Sensing War: Conversation with Sunny Xiang and TJ Shin

This is an Archive of a Past Event

Please join us for lunch and conversation with multidisciplinary artist and writer TJ Shin and scholar Profesossor Sunny Xiang.

TJ Shin (b. 1993, Seoul) is an artist and writer whose multimedia practice spans film, video, installation, and sculpture. Their work explores emergent temporalities and spatial systems of global migration, technological apparatus, and ecological networks. Shin has exhibited at the MIT List Visual Arts Center, Queens Museum, Buffalo Institute of Contemporary Arts, Princeton University, Montclair State University Galleries, Doosan Gallery, Knockdown Center, and more. Their writing has been published in Active Cultures, Artforum, Asia Art Archive, the Brooklyn Rail, Mousse Magazine, and the Vera List Center for Art and Politics. They have been invited as artist-in-residence at Princeton University, Indiana University, University at Buffalo, Recess, Wave Hill, Folly Tree Arboretum, Banff Centre, and more. Their works have been reviewed in publications including Artforum, Art in America, ArtPapers, ArtAsiaPacific, C Magazine, and the New York Times.

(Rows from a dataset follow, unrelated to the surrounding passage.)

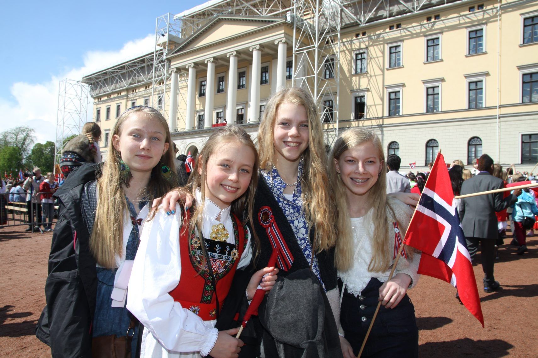 Lindeberg-jentene Anette, Elin, Celina og Aurora er ikke i tvil. Det morsomste med barnetoget er å vinke til Kongen.
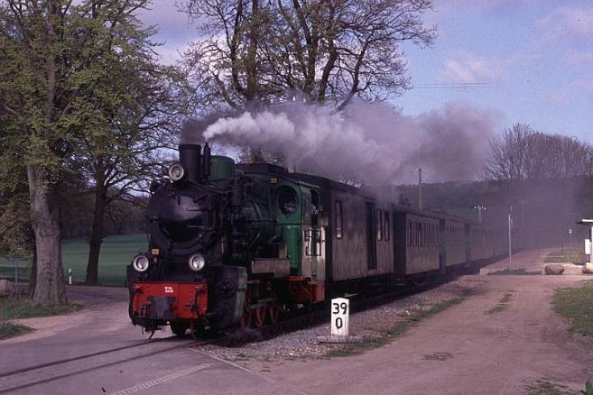 | The largely rural nature of the Isle Of Rugen is well illustrated as No.53Mh trundles through Serams station with an afternoon train to Pitbus |
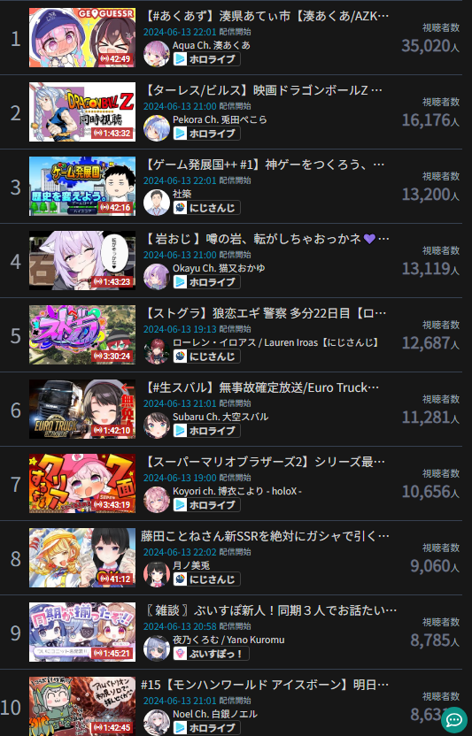 10) Gura (Hololive) - 26,699 - Mario Party w/ Amelia
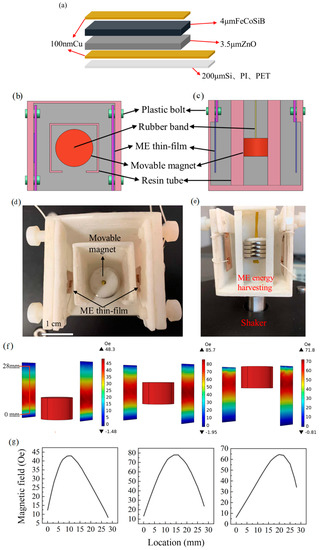 The double cantilevered ME thin-film module is designed and fabricated with flexible substrate and Si substrate. The frame of the ME module was fabricated by 3D printing using resin with a bottom area of 45 × 45 mm2 and a height of 50 mm. A pair of ME thin-film laminates were clamped with a plastic bolt at the top of the frame on two sides of the resin tube, shown in Figure 1b,c. The NdFeB permanent magnet with the size of Φ18 mm × 3 mm was hung by a rubber band in the resin tube to keep it moving vertically and provide an alternative magnetic field to the ME devices under mechanical vibration excitation by the shaker. The fabricated ME module is shown in Figure 1d,e. The permanent magnet is vertically movable, and the magnetic field to ME devices changes during the vertical motion of the magnet. The permanent magnet NdFeB N35 is provided by Shanxi Dajinhua Magnetic Co., Ltd., and the residual flux density Br is 1.25T. Due to the symmetric configuration, two ME devices are expected to have similar ME coupling performance. For the purpose of improving the efficiency of energy harvesting, quadrangular, hexagonal, and octagonal shapes of the 3D-printed frame can be designed in the future, which means four, six, and eight ME thin-film laminates can be fastened at the top. However, we only used two laminates to present the feasibility, which is enough to prove efficiency. We use COMSOL package to simulate the magnetic field applied to the ME laminate as shown in Figure 1f,g. For the magnetic field, no current interface is used with the magnetic flux conservation condition. The simulation is carried out by the steady-state analysis with a physics-controlled mesh of normal size. The results show that at three different vertical locations of the magnet, the magnitudes of the magnetic field applied to the laminate are different, with the middle location of the magnet presenting the maximum field and the lower limit position displaying the minimum field to the ME laminate. The peak values for the three cases are about 43 Oe, 78 Oe, and 65 Oe, respectively.
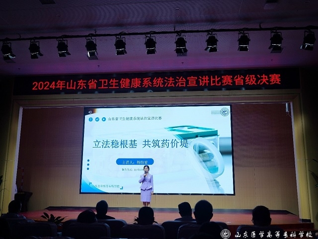 10月15日,山东省卫生健康法治宣讲比赛决赛在济南举行,我校药学系教师杨怡君现场展示的作品《立法稳根基 共筑药价堤》荣获二等奖。
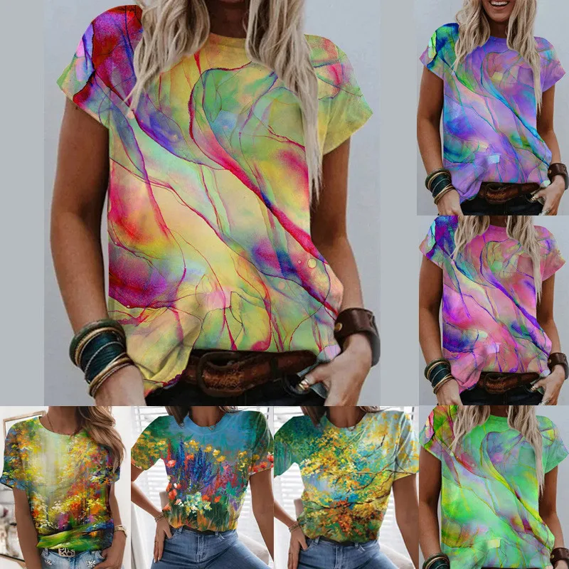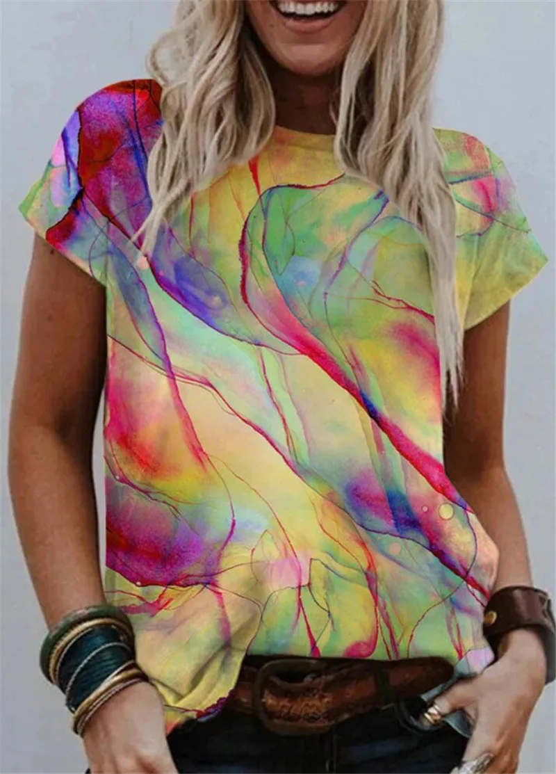 Женская футболка с коротким рукавом и круглым вырезом, с градиентным 3D принтом

Sunny Xiang studies and teaches race, war, and empire through wide-ranging aesthetic, cultural, literary, and documentary materials. She is particularly interested in the methodological questions and perceptual challenges introduced by U.S. military empire in Asia and the Pacific during the mid-twentieth century. Her first book Tonal Intelligence: The Aesthetics of Asian Inscrutability During the Long Cold War was published by Columbia University Press in 2020. Her current project, Chemical Apophenia: Air Conspiracies and Skin Connections in the Toxic Tropics, explores how U.S. WWII military science in the Pacific theater generated new paradigms for detecting and combating toxicity in the air– and on the skin. In understanding war, empire, and science as not only structures of power but also regimes of perception and styles of knowing, Xiang's scholar.